However, I think there's a reason why coops seem to succeed at smaller scales, but there are essentially no large innovative coops.
There are a few large boring coops, and some small innovative ones, but seemingly something is making the CEO/investor board model the one large innovative companies are all using.
I suspect that it's both (1) access to capital is far harder for coops, and (2) that workplace democracy and hardcore mission focus aren't fully compatible. That is, "you cannot serve two masters" without losing focus on one of them.
If a company doesn't accumulate capital, it doesn't scale in complexity. It can grow by having more people do more of the same things, but it can't move into markets that demand anything complex.
Do they tend to make greater revenue or profits? Pay higher wages and offer greater benefits to employees?
I think there's also a tendency towards longer tenure and higher value employees due to the investment in the company's future being a sort of central tenant of their attractiveness.
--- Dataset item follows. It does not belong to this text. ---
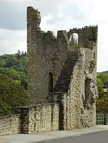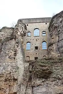 After the Romans had left, the fortification fell into disrepair, until in 963 Count Siegfried of the House of Ardennes acquired the land in exchange for his territories in Feulen near Ettelbrück from St. Maximin's Abbey in Trier.[5] He built a small castle on the Bock promontory, which was connected to the plateau through a drawbridge.[5] In time, a settlement grew on the plateau. Knights and soldiers were billeted here on the rocky outcrop, while artisans and traders settled in the area beneath it, creating the long-standing social distinction between the upper and the lower city. The settlement had grown to a city by the 12th century, when it was protected by a city wall adjacent to the current Rue du Fossé. In the 14th century, a second city wall was built, which also incorporated the land of the Rham Plateau. A third wall later incorporated the urban area as far as today's Boulevard Royal.[6]
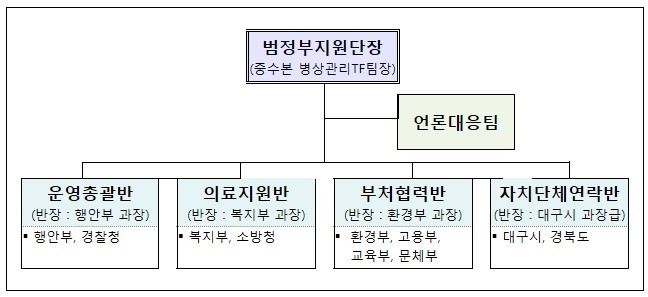 ‘범정부지원단’은 중앙사고수습본부 병상관리TF팀장을 단장으로 하고, 그 아래 행정안전부, 보건복지부, 환경부, 자치단체 등 10개 기관 합동 5개 반·팀(과장급)으로 구성된다.

https://en.wikipedia.org/wiki/Workplace_democracy
Acting like centrally planned dictatorships is a good form of collaboration is just so off base. There's no reason to think that introducing democracy into the work place wouldn't immediately benefit both workers + customers.
If this sounds crazy the C suite + board already vote on who gets hired into the executive team, vote for the direction of the company, and vote for their compensation packages (hint, they never decrease them).
Why shouldn't workers be legally enabled to do the same? What is the justification to this? I'm curious to hear it because the only way people can justify the current system is declaring that some people are actually more deserving of prestige, money, and benefits while others deserve to suffer.
With income inequality increasing, healthcare outcomes worsening, and children literally becoming stupider isn't it time to question the current system and ask ourselves if this is the society we truly want?